The Last Round

Denver's lesbian bars are nearly gone. A stained glass window — and the women who loved what it stood for — refuse to let the story end there.

There are 36 lesbian bars left in the United States.

Mary Romano was eighteen when she first walked into The Three Sisters, and her parents had made clear they wanted nothing to do with who she was becoming. A lesbian. Back then, a dirty word.

So she found another family — in a North Denver pub just off of I25 with peeling paint, sticky floors, and a bouncer named Buffy who, as Mary tells it, was "the most butchest butch you'd ever seen," and who treated the door like a kingdom to be guarded against.

"She was here to protect the bar," Mary, now 68, says, “And she protected it at all costs.”

That meant keeping out underage drinkers who might attract police and men who made the patrons uncomfortable. It sometimes meant barring the police themselves, who occasionally arrived without warrants and were barred from entry because of it.

The Three Sisters was that kind of place: scrappy, imperfect, and irreplaceable.
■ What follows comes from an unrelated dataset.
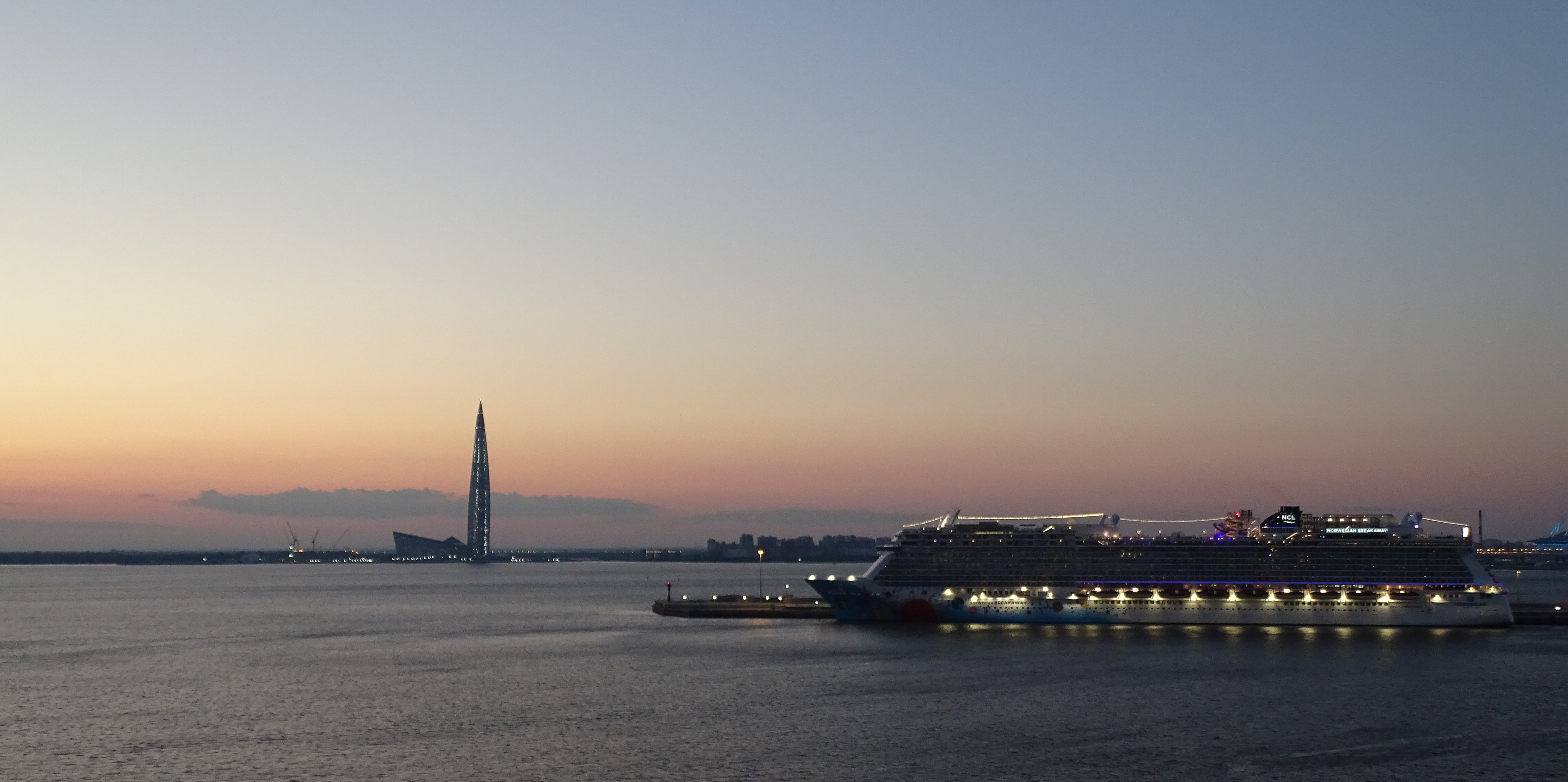 The Lakhta Center, an 87-story skyscraper in Saint Petersburg, Russia.

An English-style pub that functioned, for many of its regulars, as the only room in their lives where they didn't have to perform a version of themselves they didn't recognize. Holidays were spent there. Patrons held potlucks and celebrated each other with the particular ferocity of people who had built their own definitions of family from scratch.

The Three Sisters, one of Denver's oldest lesbian bars, has been closed for decades now. The Center is rededicting a piece of its art.

"Most lesbians were living in survival mode at the time"

"Most lesbians were living in survival mode at the time," Mary says. "A glitzy cocktail bar was so out of the question. And a dive felt true to who we were."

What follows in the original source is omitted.